Persian Baths.—The ancient Persians held the bath in such high esteem that they erected magnificent public structures devoted to bathing. The baths of Darius are spoken of as especially remarkable.
The Bath among the Greeks.—The cold bath was employed among the Greeks. Lycurgus, the famous Spartan legislator, prescribed its daily use for all his subjects, not excepting the tendered infants. In later times, the warm bath wasintroduced, and stately buildings were erected for the accommodation of bathers.
The learned Greek, Hippocrates, the father of medical literature, and a very acute observer of disease and the effects of various agents upon the body, highly recommended the use of water in many diseases, describing with great care the proper mode of administering a simple bath. He laid great stress upon the careful and skillful use of the bath, asserting that, when improperly applied, it, “instead of doing good, may rather prove injurious.” His directions for the employment of the bath were very discreet. He very wisely remarks that those patients whose symptoms are such as would be benefited by bathing should be bathed, even though some of the requisite conveniences may be wanting; while those whose symptoms do not indicate the need of this remedy, should not employ it, though all the necessary appliances are at hand. He made great use of water as a beverage in treating disease.

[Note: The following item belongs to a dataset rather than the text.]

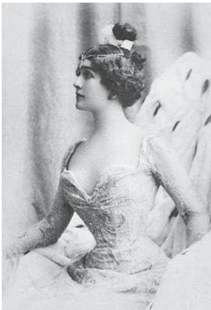
Лина Кавальери в опере Пуччини «Тоска», 1907

Roman Baths.—The Romans excelled all other nations in the sumptuousness of their bathing arrangements. Their public baths were among their greatest works of architecture, and were supplied with every convenience for increasing the utility and luxury of the bath. Kings and emperors vied with each other in perfecting and enlarging these sanitary institutions. Accommodationswere provided, in some cases, for nearly 20,000 bathers employing the baths simultaneously; and at one time the number of public baths in Rome was nearly one thousand. Even Nero, whose name has come down to us covered with infamy, has the credit of doing at least one good act in erecting a magnificent public bath, though even the detergent effects of such an act can hardly cleanse his character of the many foul blots by which it is rendered odious.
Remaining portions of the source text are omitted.